1 Introduction: The Music of America

DOI: 10.4324/9781315811659-1
When I first came to the United States, I knew virtually nothing about America. This book represents a long and varied effort to come to terms with what I discovered. From the start the terms of discovery were interchangeably personal and professional. What began as a graduate student’s research issued in a series of investigations that express both a developing sense of the culture and a certain process of acculturation. The story they tell begins with the Puritan vision of the New World; it ends, provisionally, with the dissensus within American literary studies; and as it proceeds, the explication of religious types opens into descriptions of national rituals, strategies of symbolic cohesion, and the paradoxes of Emersonian individualism, then and now. It might be read as a scholar’s journey into the American Self. But its strengths, such as they are, lie in the sustained discrepancy between the journey’s subject and object. It is a principle of socialization in the United States that the discovery of America is converted into a process of self-discovery, whereby America is simultaneously internalized, universalized (as a set of self-evident absolutes), and naturalized (as a diversity of representative social, credal, racial, and ethnic selves). In my case, the shock of discovery proved a continuing barrier to Americanization. What I called the reciprocity between the personal and the professional has hinged on my ability to channel my resistance to the culture into a way of interpreting it.
I attribute my immigrant naivetĂ© to the peculiar insularity of my upbringing. I was nurtured in the rhetoric of denial. To begin with, I absorbed Canada’s provincial attitudes toward “The States”—a provinciality deepened by the pressures of geographical proximity and economic dependence. Characteristically, this expressed itself through a mixture of hostility and amnesia, as though we were living next door to an invisible giant, whose invisibility could be interpreted as non-existence. This interpretation was reflected in the virtual absence of America throughout my education, from elementary and high school, where U.S. history ended in 1776, to my fortuitous college training at the adult extension of the Montreal YMCA, where a few unavoidable U.S. authors were taught as part of a course on Commonwealth literature. I learned certain hard facts, of course, mainly pejorative, and I knew the landmarks from Wall Street to Hollywood; but the symbology that connected them—the American dream which elsewhere (I later discovered) was an open secret, a mystery accredited by the world—remained hidden from me, like the spirit in the letter of the uninitiate’s text.

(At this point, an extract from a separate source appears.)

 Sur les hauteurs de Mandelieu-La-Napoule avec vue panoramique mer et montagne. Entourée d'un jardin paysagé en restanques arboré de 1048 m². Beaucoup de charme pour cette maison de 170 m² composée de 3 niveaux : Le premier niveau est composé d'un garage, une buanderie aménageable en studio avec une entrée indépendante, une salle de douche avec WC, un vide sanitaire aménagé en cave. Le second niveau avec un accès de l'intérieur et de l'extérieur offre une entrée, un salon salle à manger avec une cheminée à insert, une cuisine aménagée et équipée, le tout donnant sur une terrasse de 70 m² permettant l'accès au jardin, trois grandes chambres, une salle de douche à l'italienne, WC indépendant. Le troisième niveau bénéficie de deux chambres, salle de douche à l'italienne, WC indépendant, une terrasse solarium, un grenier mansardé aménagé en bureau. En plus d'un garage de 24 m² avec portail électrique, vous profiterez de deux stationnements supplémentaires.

A more important influence was the Yiddishist-left-wing world of my parents. I recall it as an outpost barricaded from the threat of assimilation by radical politics and belles lettres, an immigrant enclave locked into a Romantic-Marxist utopianism long after its disillusionment with Stalin, and fortified by the alleged spiritual values of art in the face of utter cultural estrangement. It was there, far more than at school, that I learned the strategies of denial. Their object in this case was Canada. I cannot recall a single reference to national matters in serious conversation. Literary discussions ranged from Shalom Aleichem to Franz Kafka, with polemical excursions to Yiddish contemporaries published in the local newspaper, Der Keneder Odler (“The Canadian Eagle,” a mixed metaphor, carrying cross-cultural ironies for me even then). Politics consisted in a conflict of imaginary options for world revolution, extending from Trotsky’s lost cause to the visionary boundaries of anarchism. It seems appropriate that I should have graduated from high school not to college, but, for several years, to a socialist kibbutz in what used to be called the Arabian Desert.

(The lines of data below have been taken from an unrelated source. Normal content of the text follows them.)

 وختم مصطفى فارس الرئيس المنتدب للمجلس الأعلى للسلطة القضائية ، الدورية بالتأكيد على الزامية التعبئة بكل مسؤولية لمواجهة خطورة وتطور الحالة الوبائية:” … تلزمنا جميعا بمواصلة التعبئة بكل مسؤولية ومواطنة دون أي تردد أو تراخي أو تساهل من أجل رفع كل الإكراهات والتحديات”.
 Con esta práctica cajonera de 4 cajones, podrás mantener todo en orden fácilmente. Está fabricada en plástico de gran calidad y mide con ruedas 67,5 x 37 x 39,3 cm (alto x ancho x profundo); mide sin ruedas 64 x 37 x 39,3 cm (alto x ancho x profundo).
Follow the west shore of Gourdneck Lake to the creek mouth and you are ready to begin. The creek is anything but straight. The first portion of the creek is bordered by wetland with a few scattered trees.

The harvest of these experiences was an abiding suspicion of high rhetoric, especially as a blueprint of the future, and an abiding fascination with the redemptive promises of language, especially as a source of personal identity and social cohesion. Still, nothing in my background had prepared me for my encounter with a secular modern nation living in a dream. “I hear America singing,” writes Whitman, and concludes: “The United States are themselves the greatest poem.” So, too, Emerson: “America is a poem in our eyes.” I arrived at a similar conclusion, but from a different perspective and to a different effect. My experience of the music of America (as I came to think of it) was closer to the epiphany of otherness recorded in Kafka’s “Investigations of a Dog.” The canine narrator of that story tells us that one day in his youth a group of seven dogs appeared before him, suddenly, “out of some place of darkness,” to the accompaniment of “terrible” and ravishing sounds:
At that time I still knew hardly anything of the creative gift with which the canine race alone is endowed 
 for though music had [always] surrounded me 
 my elders had [never] drawn my attention to it. 
 [A]ll the more astonishing, then 
 were those seven musical artists to me. They did not speak, they did not sing, they remained generally silent, almost determinedly silent; but from the empty air they conjured music. Everything was music, the lifting and setting of their feet, certain turns of the head, their running and standing still, the positions they took up in relation to one another, the symmetrical patterns which they produced. 
 [M]y mind could attend to nothing but this blast of music which seemed to come from all sides, from the heights, from the deeps, from everywhere, surrounding the listener, overwhelming him. 
 I longed to 
 beg [the musicians] to enlighten me, to ask them what they were doing. 
 [Their music] was incomprehensible to me, and also quite definitely beyond my capacities. 
 I rushed about, told my story, made accusations and investigations. 
 I was resolved to pursue [the problem] indefatigably until I solved it.
The pursuit unfolds as a series of ingenious inferences, deductions, and explications extending to virtually every aspect of “dogdom,” from the higher laws of “universal dog nature” to the specialized issue of “soaring dogs” (how do they “remain for the most part high up in the air, apparently doing nothing but simply resting there?”) and the still-controversial “rules of science” for getting food: should you use “incantation” to “bring it down” or “water the ground as much as you can”? 1 Nothing, it seems, escapes observation, except the presence of human beings.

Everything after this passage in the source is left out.